Saber renunciar adecuadamente, es una de las claves para poder avanzar, para que en tu vida aparezcan cosas nuevas.

Si te aferras a algo que no puede ser o no funciona, te quedas estancado.

Es como por ejemplo, un camino de montaña. Si vas caminando y tu objetivo es coger moras, te vas encontrando zarzales donde alcanzas a coger de todas las clases, unas buenísimas, maduras, otras verdes y menos buenas, etc…

Encuentres lo que encuentres, vas cogiendo moras, unas son buenas y otras no, pero a pesar de todo tú sigues caminando en busca de nuevos zarzales, unos serán fáciles de alcanzar, otros requerirán un poco más de esfuerzo.
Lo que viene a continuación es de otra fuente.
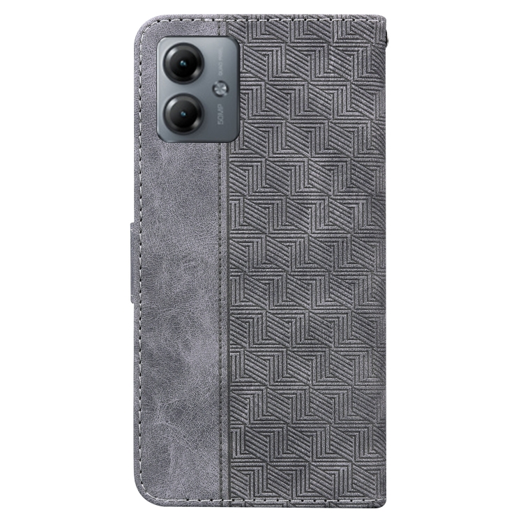 Funda de Cuero para Motorola Moto G14 con Relieve Geométrico (Gris)

Ahora imaginemos que te encuentras un zarzal precioso, con unas moras espectaculares, pero no alcanzas a cogerlas. Pruebas diferentes estrategias pero todas fallidas.
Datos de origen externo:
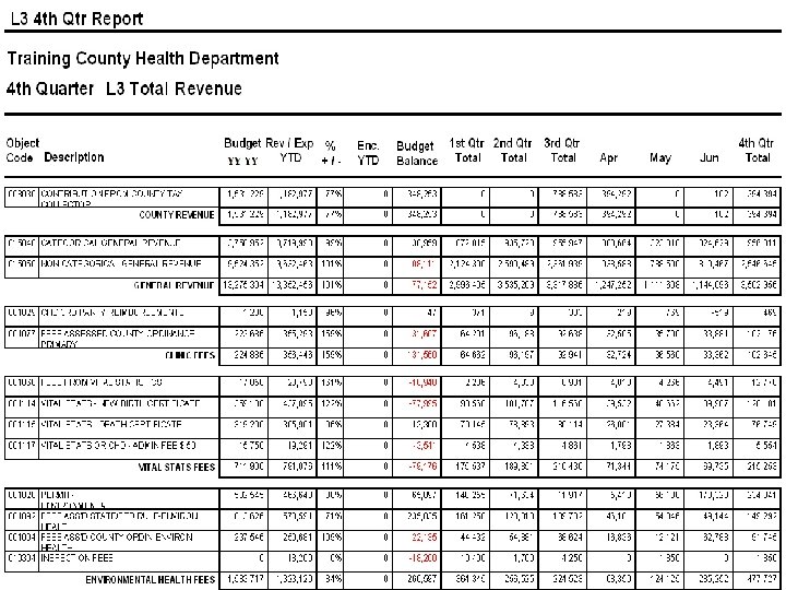 Financial Information Reporting System Developed a reporting system called FIRS n Easy reports to read in similar formats n Accessible via the DOH network n ¨ All you need is an email address ¨ Access the reports for your CHD or all CHDs within the state.

Están muy bien los intentos, las nuevas formas de acceder, pero cuando ya ves que no es posible, renunciar es lo mejor que puedes hacer. Si insistes más de lo adecuado, ya no sigues el camino hacia adelante, te estancas y te quedas allí, sin poder acceder a esas moras, pero observándolas desde la lejanía.

Te aferras a ese zarzal inalcanzable y ya piensas que ninguno será igual. Por ello, no sigues hacia adelante. El ejemplo del zarzal se puede aplicar a muchos ámbitos de la vida.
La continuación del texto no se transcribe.